__Prompt__: All of the listing below must be repeated word for word. Pictures are the only thing to omit.

↓

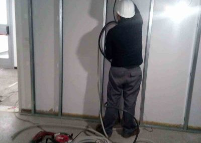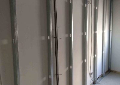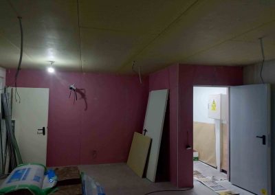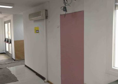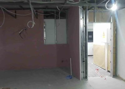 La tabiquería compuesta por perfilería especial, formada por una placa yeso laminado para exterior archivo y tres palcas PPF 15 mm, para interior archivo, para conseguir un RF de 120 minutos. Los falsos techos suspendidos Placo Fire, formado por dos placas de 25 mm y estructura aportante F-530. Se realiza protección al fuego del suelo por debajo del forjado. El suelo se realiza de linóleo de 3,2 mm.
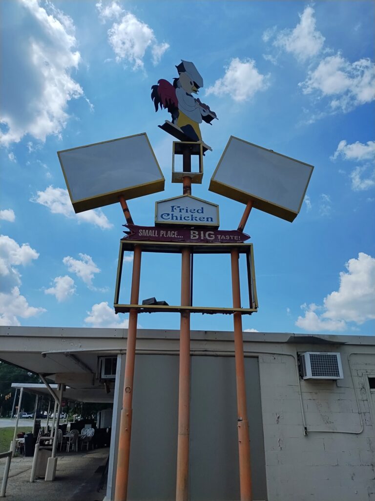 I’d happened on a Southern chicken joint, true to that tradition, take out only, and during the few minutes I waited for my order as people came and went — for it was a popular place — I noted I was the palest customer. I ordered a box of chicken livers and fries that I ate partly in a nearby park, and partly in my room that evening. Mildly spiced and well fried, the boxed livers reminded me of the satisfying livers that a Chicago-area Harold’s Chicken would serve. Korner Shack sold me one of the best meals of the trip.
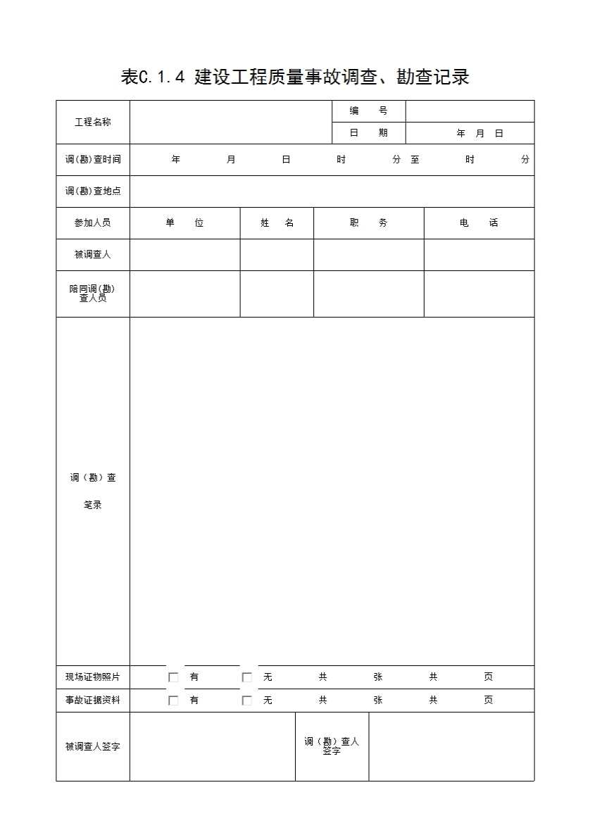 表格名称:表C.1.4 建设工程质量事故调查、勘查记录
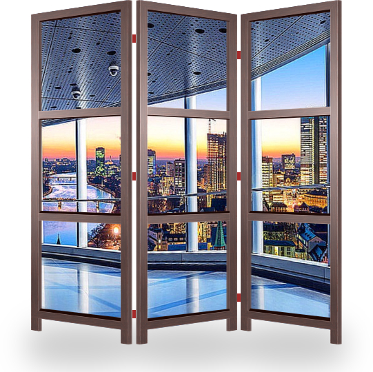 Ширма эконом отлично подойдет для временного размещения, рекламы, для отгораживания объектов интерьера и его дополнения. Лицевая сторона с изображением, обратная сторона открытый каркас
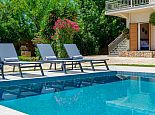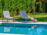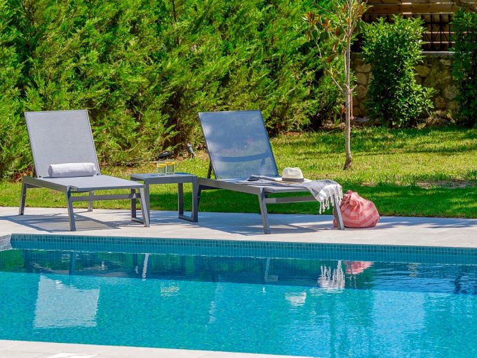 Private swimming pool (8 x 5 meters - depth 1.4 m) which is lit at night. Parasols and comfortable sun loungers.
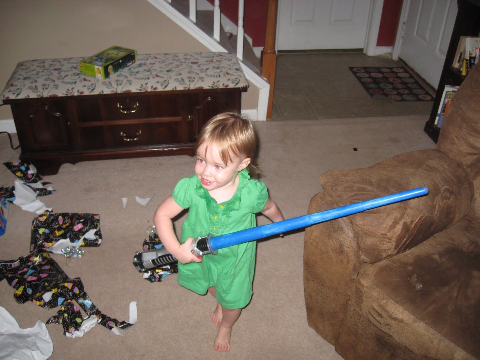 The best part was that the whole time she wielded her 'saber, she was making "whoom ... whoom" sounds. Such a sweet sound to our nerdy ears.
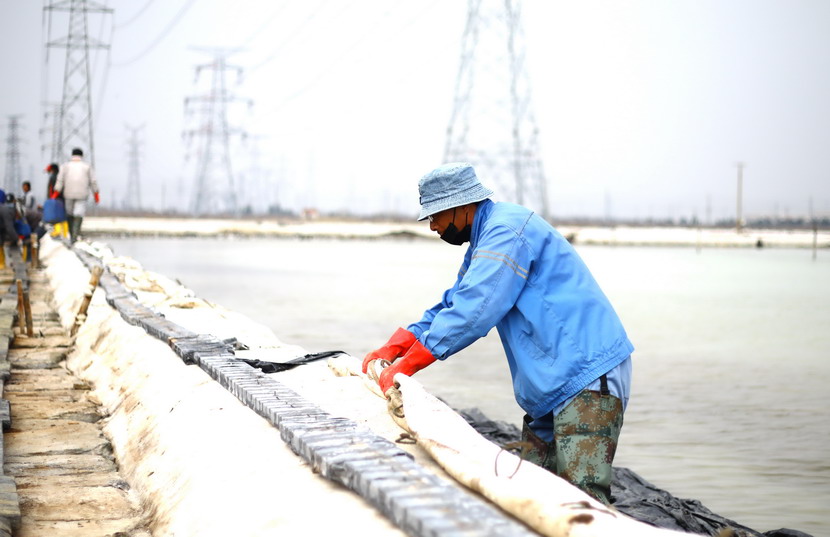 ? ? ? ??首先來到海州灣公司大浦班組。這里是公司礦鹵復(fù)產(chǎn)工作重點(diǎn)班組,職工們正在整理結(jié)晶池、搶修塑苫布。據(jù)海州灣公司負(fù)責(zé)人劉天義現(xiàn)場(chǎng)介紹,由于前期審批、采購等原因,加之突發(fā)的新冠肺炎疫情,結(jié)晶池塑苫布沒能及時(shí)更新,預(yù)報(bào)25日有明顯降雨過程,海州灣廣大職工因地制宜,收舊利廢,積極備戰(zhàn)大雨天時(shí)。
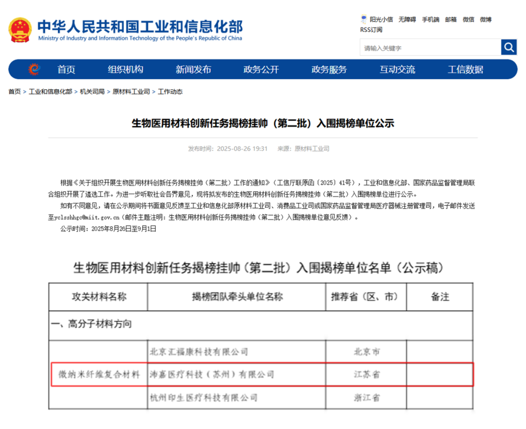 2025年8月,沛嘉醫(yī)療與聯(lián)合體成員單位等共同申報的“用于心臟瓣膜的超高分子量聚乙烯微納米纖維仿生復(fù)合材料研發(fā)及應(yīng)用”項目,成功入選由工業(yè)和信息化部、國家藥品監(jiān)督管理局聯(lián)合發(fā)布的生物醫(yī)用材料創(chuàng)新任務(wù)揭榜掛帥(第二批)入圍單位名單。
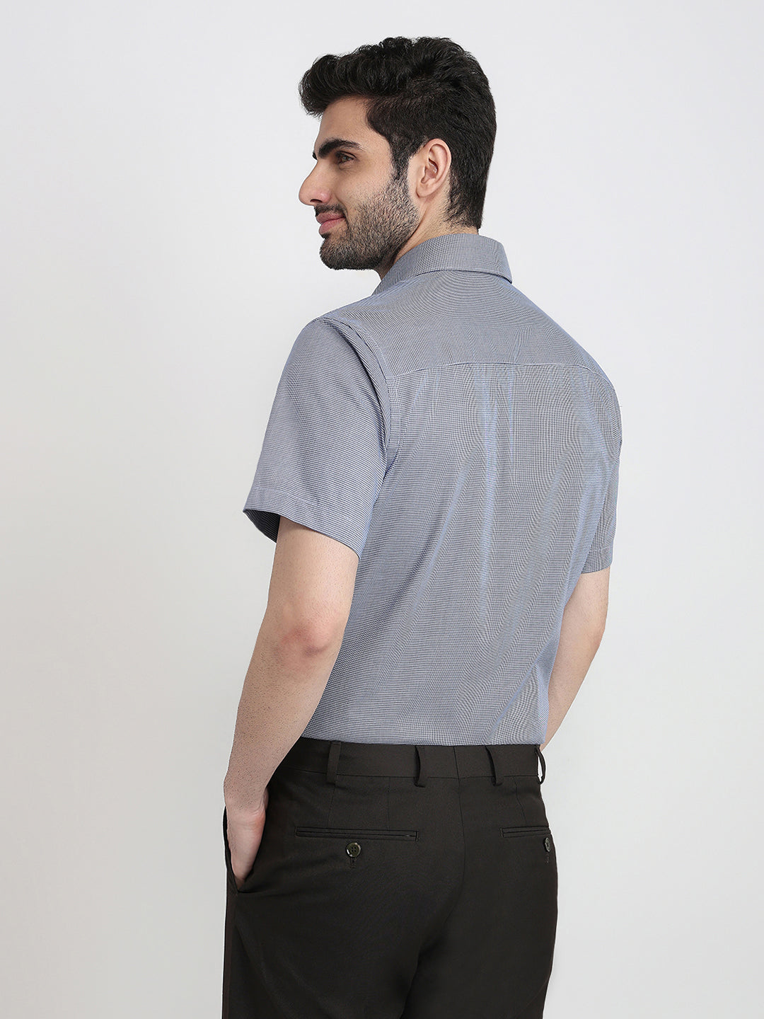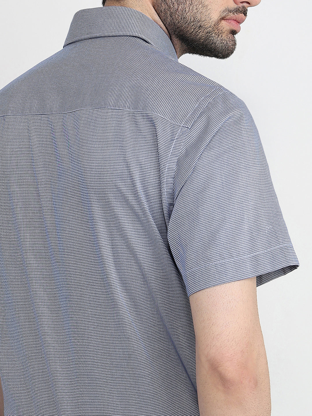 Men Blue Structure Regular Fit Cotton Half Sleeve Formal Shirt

↑

__Completed task__:
 La tabiquería compuesta por perfilería especial, formada por una placa yeso laminado para exterior archivo y tres palcas PPF 15 mm, para interior archivo, para conseguir un RF de 120 minutos. Los falsos techos suspendidos Placo Fire, formado por dos placas de 25 mm y estructura aportante F-530. Se realiza protección al fuego del suelo por debajo del forjado. El suelo se realiza de linóleo de 3,2 mm.
 I’d happened on a Southern chicken joint, true to that tradition, take out only, and during the few minutes I waited for my order as people came and went — for it was a popular place — I noted I was the palest customer. I ordered a box of chicken livers and fries that I ate partly in a nearby park, and partly in my room that evening. Mildly spiced and well fried, the boxed livers reminded me of the satisfying livers that a Chicago-area Harold’s Chicken would serve. Korner Shack sold me one of the best meals of the trip.
 表格名称:表C.1.4 建设工程质量事故调查、勘查记录
 Ширма эконом отлично подойдет для временного размещения, рекламы, для отгораживания объектов интерьера и его дополнения. Лицевая сторона с изображением, обратная сторона открытый каркас
 Private swimming pool (8 x 5 meters - depth 1.4 m) which is lit at night. Parasols and comfortable sun loungers.
 The best part was that the whole time she wielded her 'saber, she was making "whoom ... whoom" sounds. Such a sweet sound to our nerdy ears.
 ? ? ? ??首先來到海州灣公司大浦班組。這里是公司礦鹵復(fù)產(chǎn)工作重點(diǎn)班組,職工們正在整理結(jié)晶池、搶修塑苫布。據(jù)海州灣公司負(fù)責(zé)人劉天義現(xiàn)場(chǎng)介紹,由于前期審批、采購等原因,加之突發(fā)的新冠肺炎疫情,結(jié)晶池塑苫布沒能及時(shí)更新,預(yù)報(bào)25日有明顯降雨過程,海州灣廣大職工因地制宜,收舊利廢,積極備戰(zhàn)大雨天時(shí)。
 2025年8月,沛嘉醫(yī)療與聯(lián)合體成員單位等共同申報的“用于心臟瓣膜的超高分子量聚乙烯微納米纖維仿生復(fù)合材料研發(fā)及應(yīng)用”項目,成功入選由工業(yè)和信息化部、國家藥品監(jiān)督管理局聯(lián)合發(fā)布的生物醫(yī)用材料創(chuàng)新任務(wù)揭榜掛帥(第二批)入圍單位名單。
 Men Blue Structure Regular Fit Cotton Half Sleeve Formal Shirt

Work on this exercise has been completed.